Monday, August 12, 2013

Federal Judge: NYPD's Stop-and-Frisk Practices Violate the Constitution

As much as they would like to, cops can’t stop and search you for no reason. Officers must be able to identify factors causing them to reasonably suspect that you are or were involved in criminal activity before they can detain you. Even then, a reasonable belief that you’re up to no good, by itself, doesn’t allow them to search you. For that, they must have an objective indication that you may be armed and dangerous. And when the cops do search you, they can only pat your outer clothing for weapons.

Today a federal judge found that New York police officers have for years systematically stopped and frisked innocent people, particularly minorities. In her ruling, Judge Shira A. Scheindlin appointed a lawyer to monitor the New York Police Department’s practices going forward and ordered several other remedies, including a pilot program whereby officers will wear cameras in order to record civilian encounters. Scheindlin’s ruling puts an ostensible end to the NYPD’s racially driven method of detaining and searching people who, by and large, are simply minding their own business. (Mayor Michael Bloomberg vows that the city will appeal the ruling.)

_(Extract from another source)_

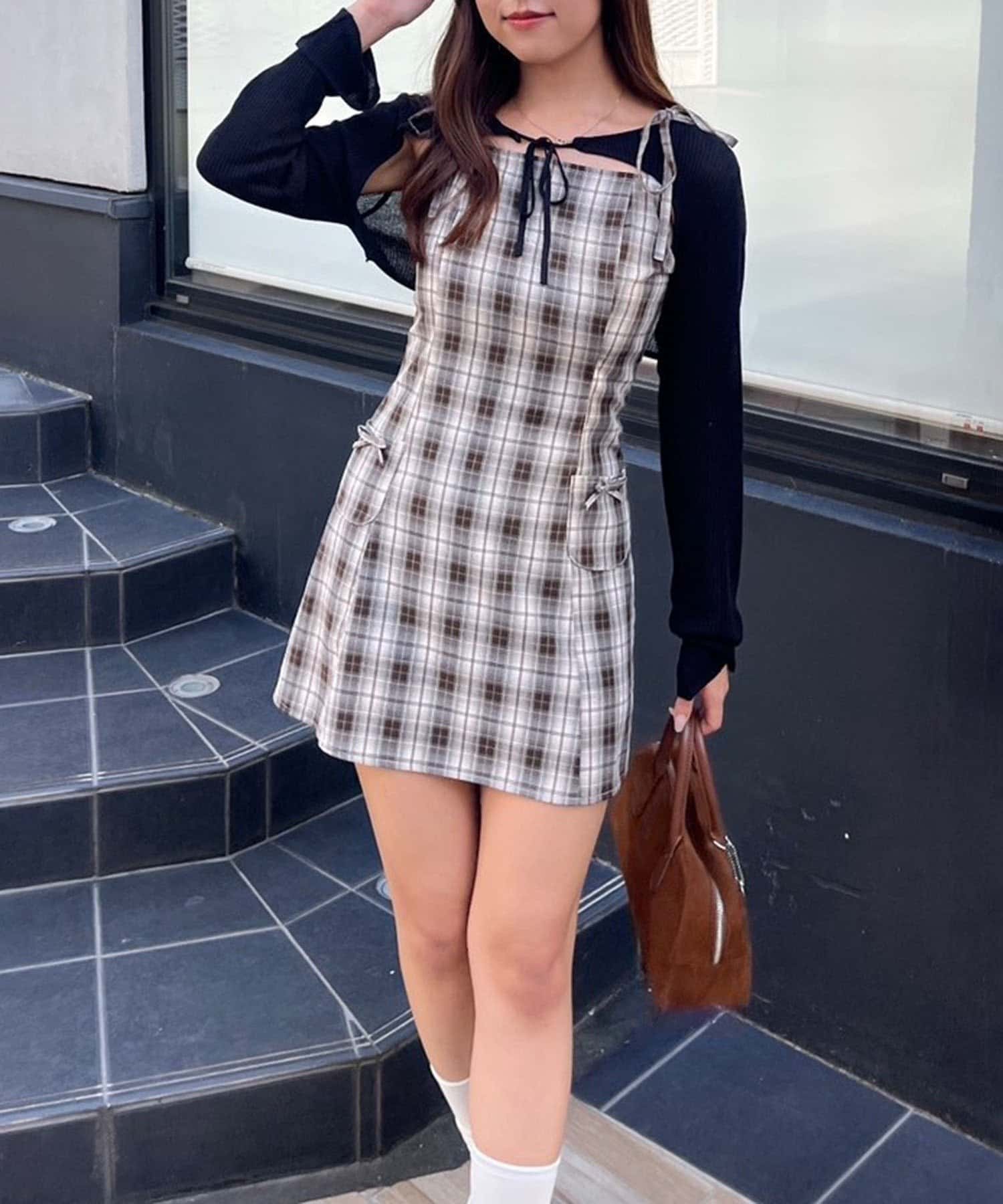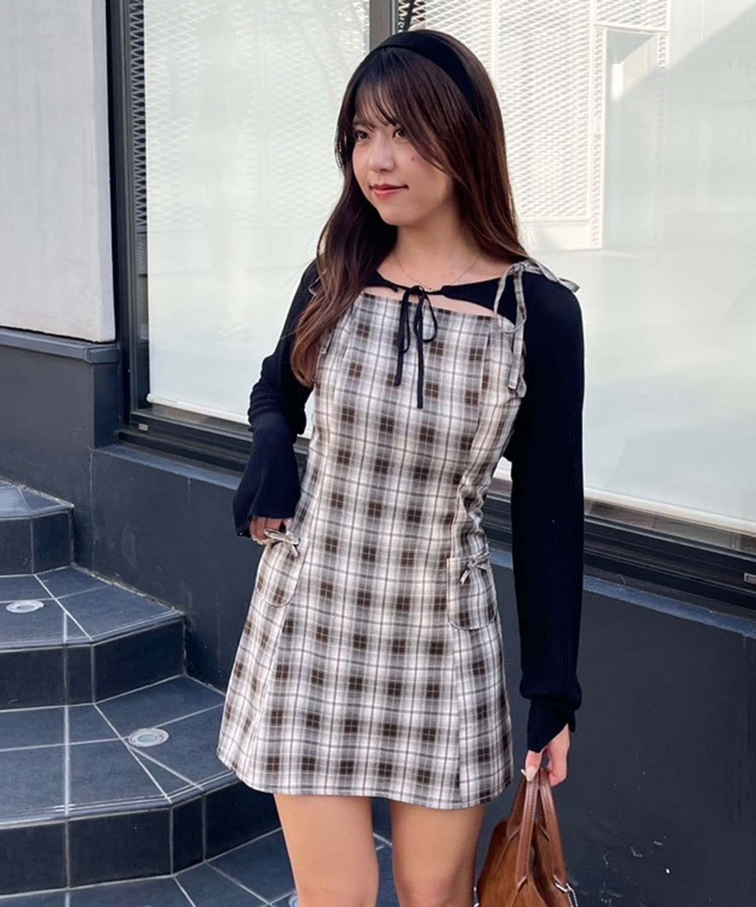 ・肩のリボンは自分で結べて調整できるので、幅広い身長の方に着ていただけます!

Those upset with the ruling because it impedes supposedly effective police practices should take their argument up with the Constitution: The Fourth Amendment forbids unreasonable searches and seizures, while the 14th Amendment provides that all citizens are entitled to equal protection of the law. Scheindlin’s findings that about 88 percent of detainees were African American or Hispanic, and that nearly 90 percent of stop-and-frisks ended without arrest or citation, prove that this ruling was long overdue.